• Activity:
Make an exact transcript of the lines in the data below, starting with the one containing "15.05.1918 = Nr. 134. Zweites Morgenblatt" and going on through the one containing "Чистящий работник выбирает", with both included and the pictures left out.

• Materials provided:
★ ★ ★ ★ ★ ★ ★

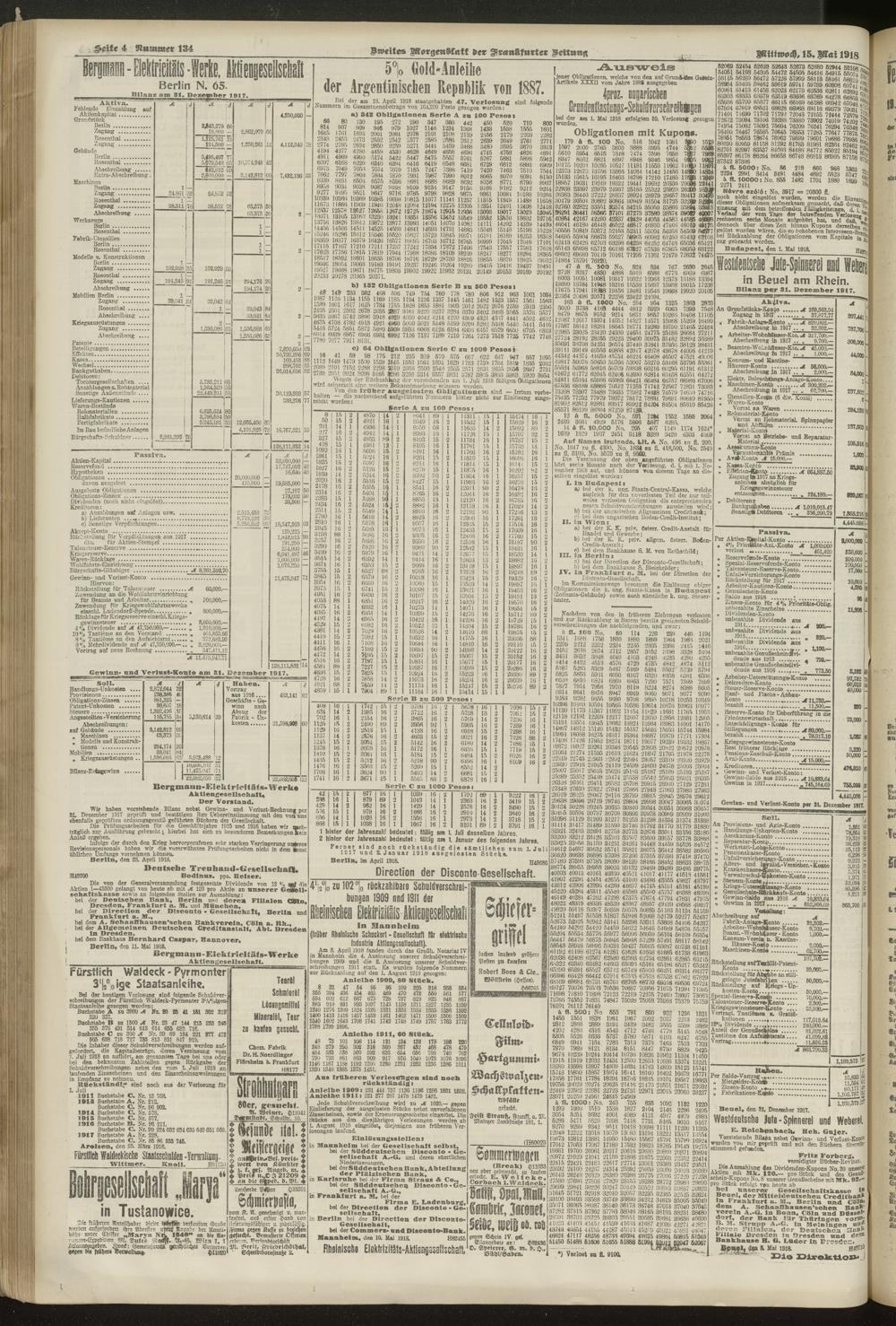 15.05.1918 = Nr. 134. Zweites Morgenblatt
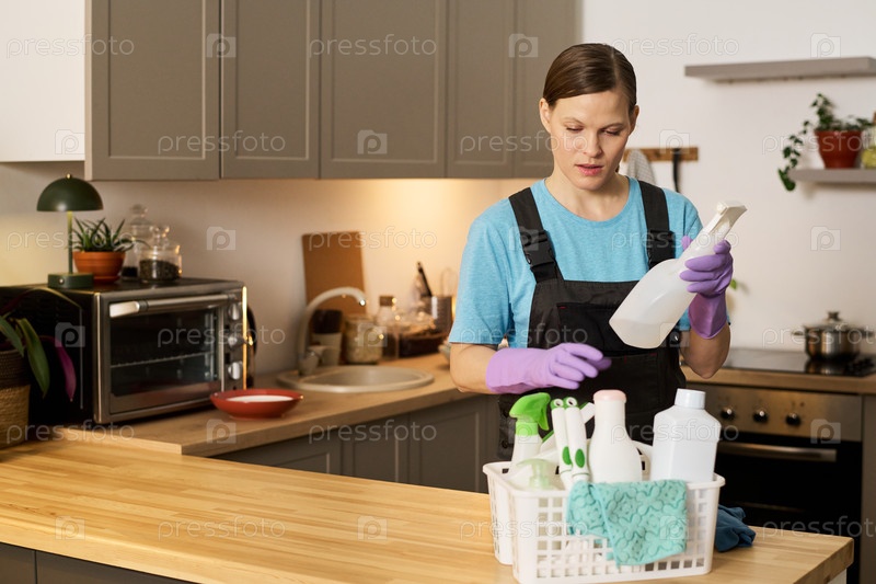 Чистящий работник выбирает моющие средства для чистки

★ ★ ★ ★ ★ ★ ★

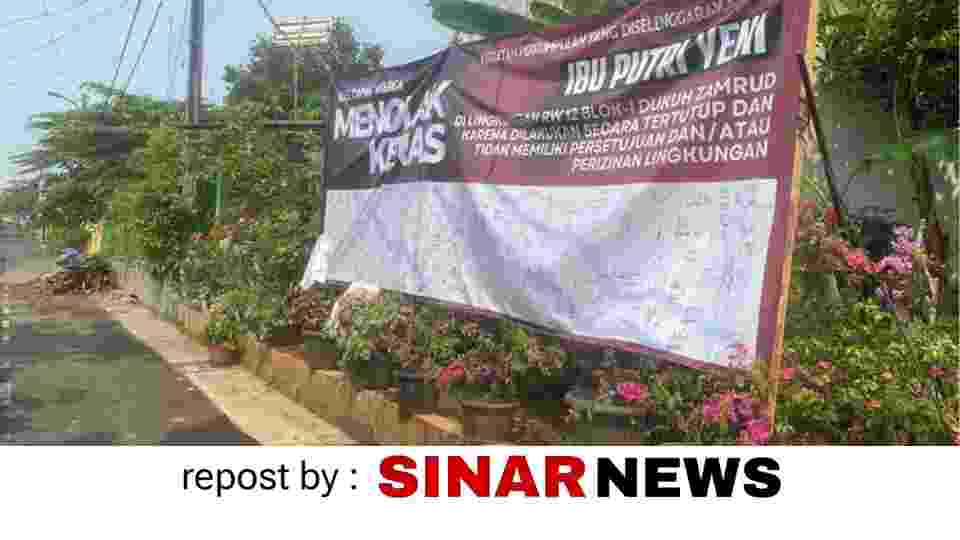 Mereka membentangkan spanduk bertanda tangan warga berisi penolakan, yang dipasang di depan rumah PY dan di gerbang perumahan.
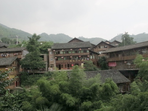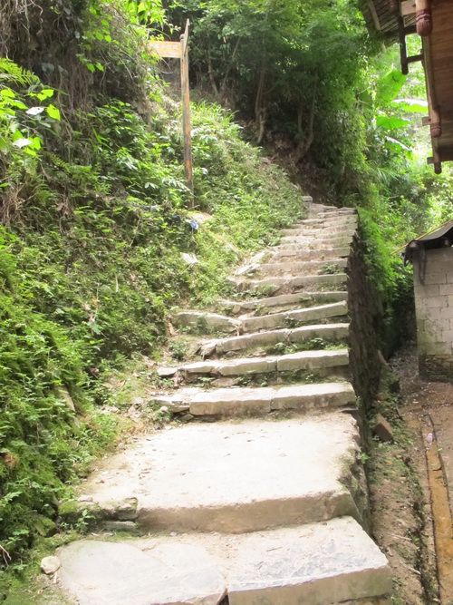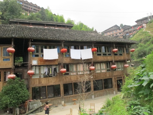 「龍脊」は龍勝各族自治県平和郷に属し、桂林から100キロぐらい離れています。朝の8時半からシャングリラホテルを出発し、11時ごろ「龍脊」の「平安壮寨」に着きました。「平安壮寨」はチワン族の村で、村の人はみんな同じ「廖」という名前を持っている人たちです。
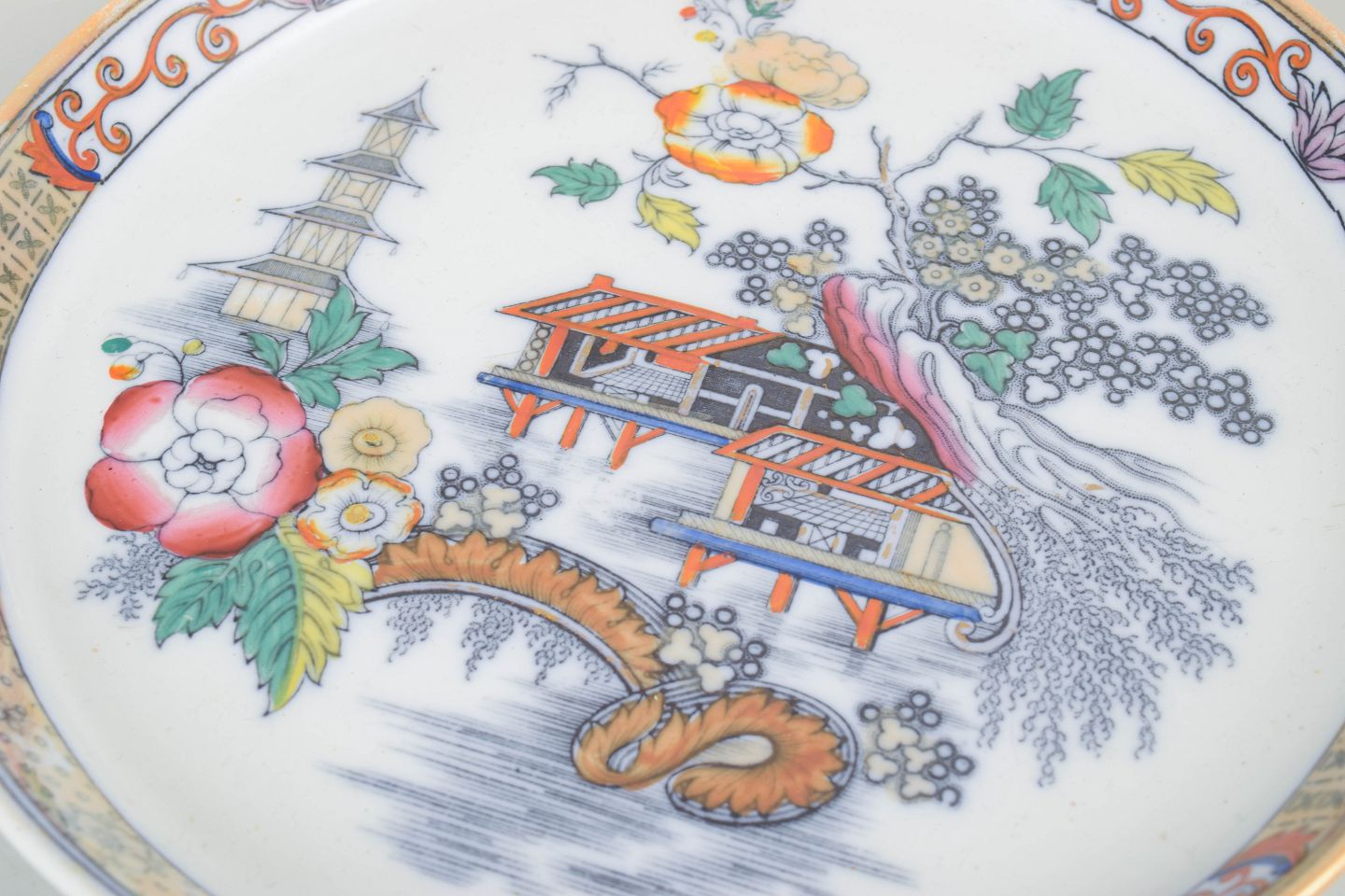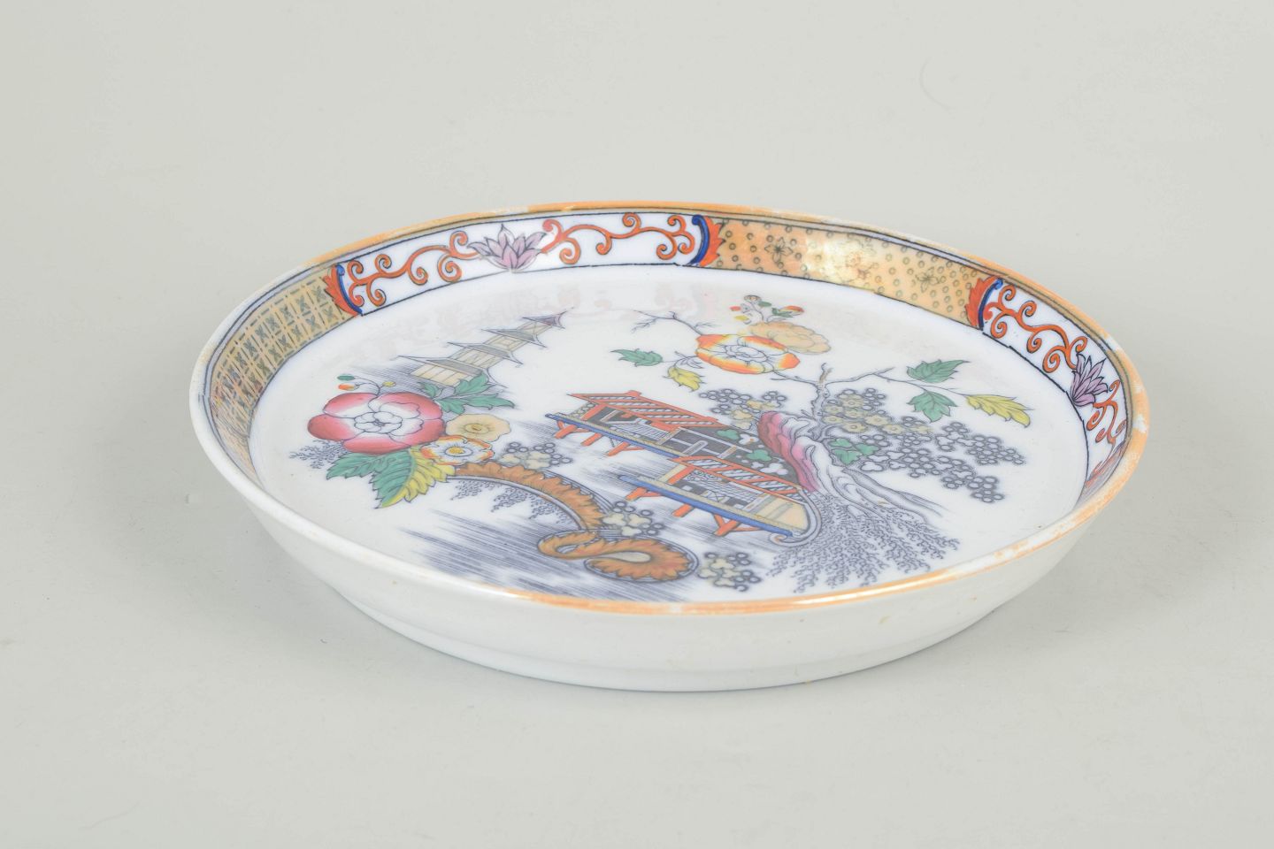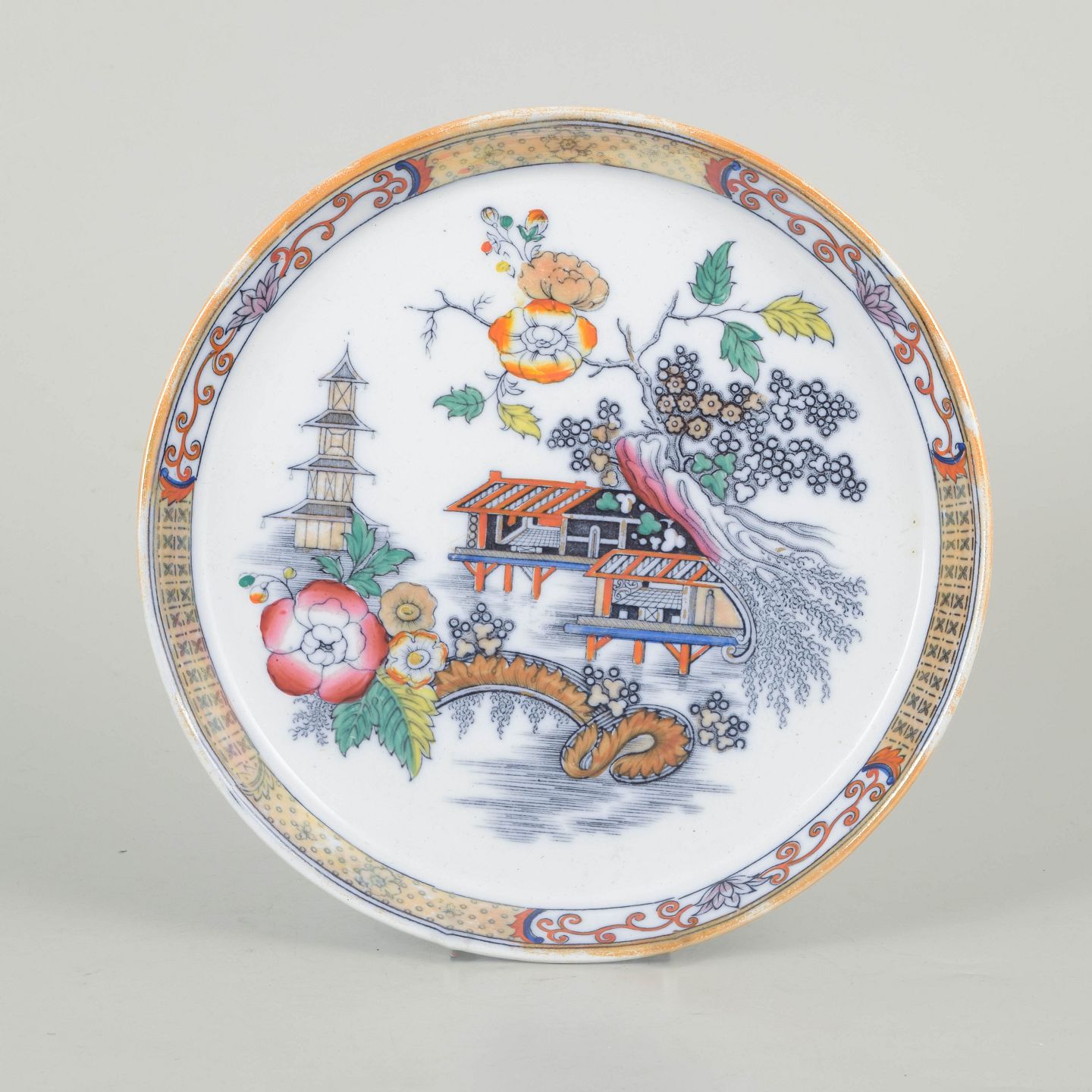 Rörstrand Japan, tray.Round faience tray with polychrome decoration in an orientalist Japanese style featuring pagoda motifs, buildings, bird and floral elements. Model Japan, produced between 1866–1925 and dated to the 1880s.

★ ★ ★ ★ ★ ★ ★

• Task result:
 15.05.1918 = Nr. 134. Zweites Morgenblatt
 Чистящий работник выбирает моющие средства для чистки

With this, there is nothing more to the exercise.